From the given equation $f \left(x\right) = {x}^{3} \cdot {e}^{x}$ at $x = 2$

Let us solve for the point first. We should find $f \left(2\right)$

$f \left(2\right) = {2}^{3} \cdot {e}^{2} = 8 \cdot {e}^{2}$
We now have the point at $\left(2 , 8 {e}^{2}\right)$

Now, we need to compute the slope m and then obtain its negative reciprocal because, we are after the normal line.
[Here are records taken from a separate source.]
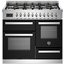 Устройства с тремя духовками также имеют один основной и две дополнительных шкафа разного объема: например, плиты Bertazzoni оснащены большой духовкой объемом 69 литров, средней объемом 54 литра и малой объемом 24 литра. Духовки располагаются в два ряда: две меньшие духовки в одном ряду, большая и ящик для посуды в другом.
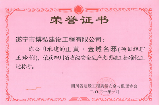 恭喜遂寧“正黃·金域名邸”項目再次獲獎,被評為“四川省省級安全生產(chǎn)文明施工標(biāo)準(zhǔn)化工地”獎稱號。
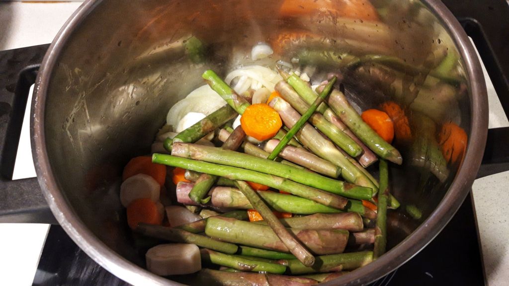 Intr-o oala cu ulei incins calim 1 minut ceapa, apoi usturoiul, morcovii, pastarnacul rondele si cozile de sparanghel.

First derivative of $f \left(x\right)$ is $f ' \left(x\right)$

$\frac{d}{\mathrm{dx}} f \left(x\right) = f ' \left(x\right) = \frac{d}{\mathrm{dx}} \left({x}^{3} \cdot {e}^{x}\right) = {e}^{x} \cdot \frac{d}{\mathrm{dx}} \left({x}^{3}\right) + {x}^{3} \cdot \frac{d}{\mathrm{dx}} \left({e}^{x}\right)$

$f ' \left(x\right) = 3 {x}^{2} \cdot {e}^{x} + {x}^{3} \cdot {e}^{x}$

for slope $m = f ' \left(2\right)$ use $x = 2$

$f ' \left(x\right) = 3 {x}^{2} \cdot {e}^{x} + {x}^{3} \cdot {e}^{x}$
$f ' \left(2\right) = 3 {\left(2\right)}^{2} \cdot {e}^{2} + {\left(2\right)}^{3} \cdot {e}^{2}$
$f ' \left(2\right) = 12 \cdot {e}^{2} + 8 \cdot {e}^{2}$
$f ' \left(2\right) = 20 \cdot {e}^{2}$
and $m = f ' \left(2\right) = 20 \cdot {e}^{2}$

For the normal line, we need $m ' = - \frac{1}{m}$

$m ' = - \frac{1}{m} = - \frac{1}{20 \cdot {e}^{2}}$

Let us write the Normal line equation using $m ' = - \frac{1}{20 \cdot {e}^{2}}$ and the point $\left(2 , 8 {e}^{2}\right)$

By Point-Slope form

$y - {y}_{1} = m ' \left(x - {x}_{1}\right)$

$y - 8 {e}^{2} = - \frac{1}{20 \cdot {e}^{2}} \left(x - 2\right)$

$y = - \frac{1}{20 \cdot {e}^{2}} \left(x - 2\right) + 8 {e}^{2}$

$\textcolor{red}{y = - \frac{x}{20 \cdot {e}^{2}} + \frac{1}{10 \cdot {e}^{2}} + 8 \cdot {e}^{2} \text{ }}$the required Normal Line

God bless....I hope the explanation is useful.